* **Task directions**: Repeat the data below in full. Pictures must not be part of the copy.

* **Stored data**:
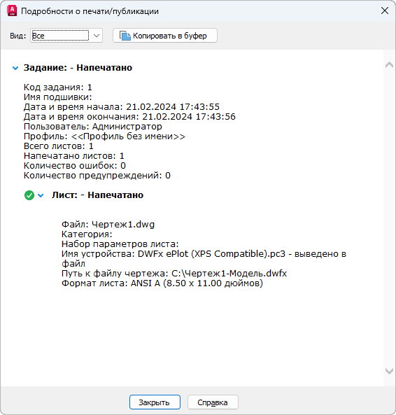 Отображение информации о задачах печати и публикации, выполненных в текущем сеансе.
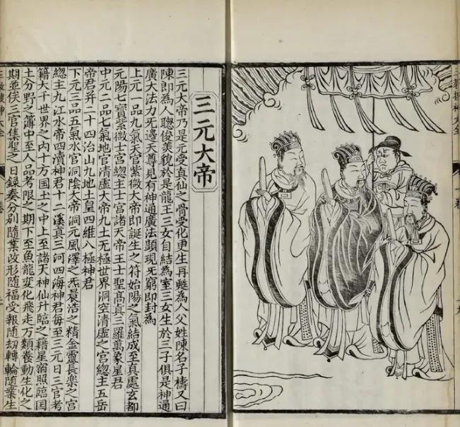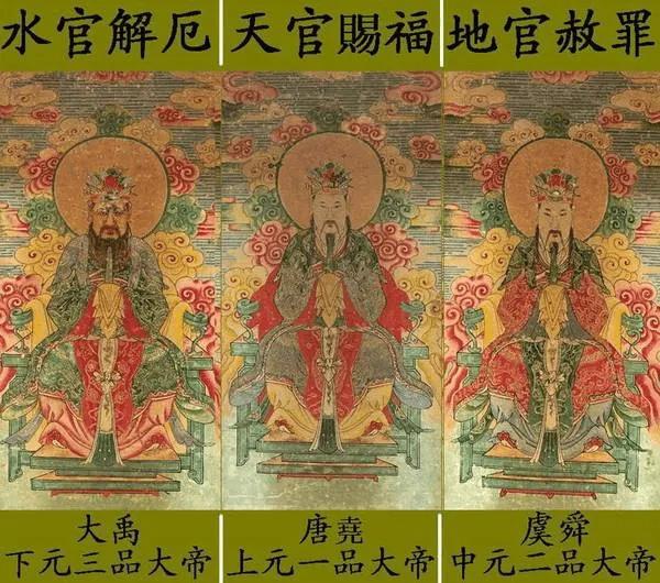 【三官大帝】有說法指遠古三位明君 堯舜禹,分別為天、地、水三官,即「三元」,正月十五,上元天官賜福;七月十五,中元地官赦罪;十月十五,下元水官解厄。宋·吳自牧在《夢粱錄》載:「(十月)十五日,水官解厄之日,宮觀士庶,設齋建醮,或解厄,或薦亡。」「官」的意思,是指「時空流動過程中的節段」。《中華風俗誌》雲:「十月望為下元節,俗傳水宮解厄之辰」。
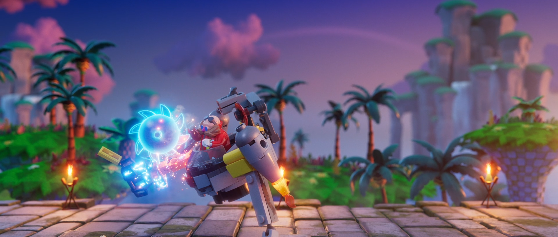 One spin dash, one smashed Eggman machine, and a lot of flying LEGO.
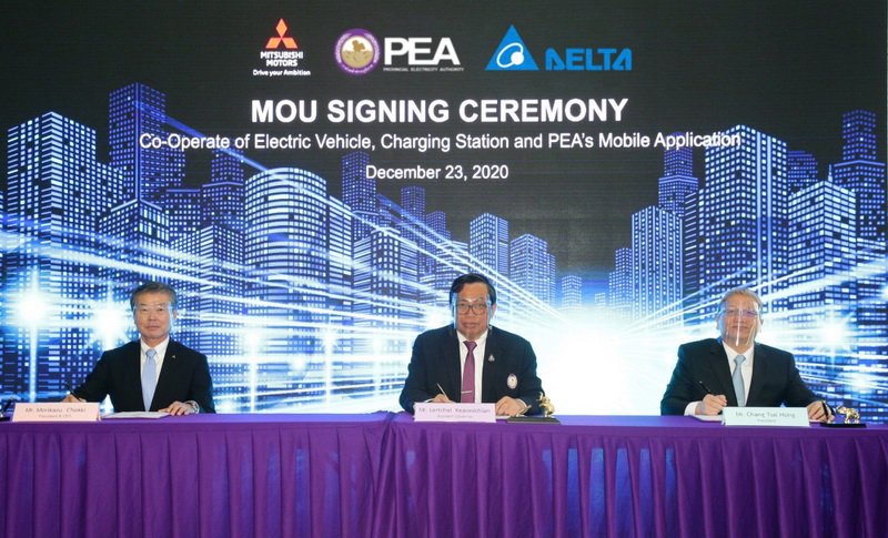 การไฟฟ้าส่วนภูมิภาค (กฟภ.) ร่วมกับ บริษัท มิตซูบิชิ มอเตอร์ส (ประเทศไทย) จำกัด และเดลต้า อีเลคโทรนิคส์ (ประเทศไทย) ได้ลงนามบันทึกความเข้าใจ (เอ็มโอยู) เพื่อความร่วมมือระหว่าง 3 ฝ่าย ด้านยานยนต์ไฟฟ้า (EV) สถานีชาร์จ และแอปพลิเคชันของ กฟภ. สำหรับการชาร์จรถยนต์ไฟฟ้า

* **Written solution**:
 Отображение информации о задачах печати и публикации, выполненных в текущем сеансе.
 【三官大帝】有說法指遠古三位明君 堯舜禹,分別為天、地、水三官,即「三元」,正月十五,上元天官賜福;七月十五,中元地官赦罪;十月十五,下元水官解厄。宋·吳自牧在《夢粱錄》載:「(十月)十五日,水官解厄之日,宮觀士庶,設齋建醮,或解厄,或薦亡。」「官」的意思,是指「時空流動過程中的節段」。《中華風俗誌》雲:「十月望為下元節,俗傳水宮解厄之辰」。
 One spin dash, one smashed Eggman machine, and a lot of flying LEGO.
 การไฟฟ้าส่วนภูมิภาค (กฟภ.) ร่วมกับ บริษัท มิตซูบิชิ มอเตอร์ส (ประเทศไทย) จำกัด และเดลต้า อีเลคโทรนิคส์ (ประเทศไทย) ได้ลงนามบันทึกความเข้าใจ (เอ็มโอยู) เพื่อความร่วมมือระหว่าง 3 ฝ่าย ด้านยานยนต์ไฟฟ้า (EV) สถานีชาร์จ และแอปพลิเคชันของ กฟภ. สำหรับการชาร์จรถยนต์ไฟฟ้า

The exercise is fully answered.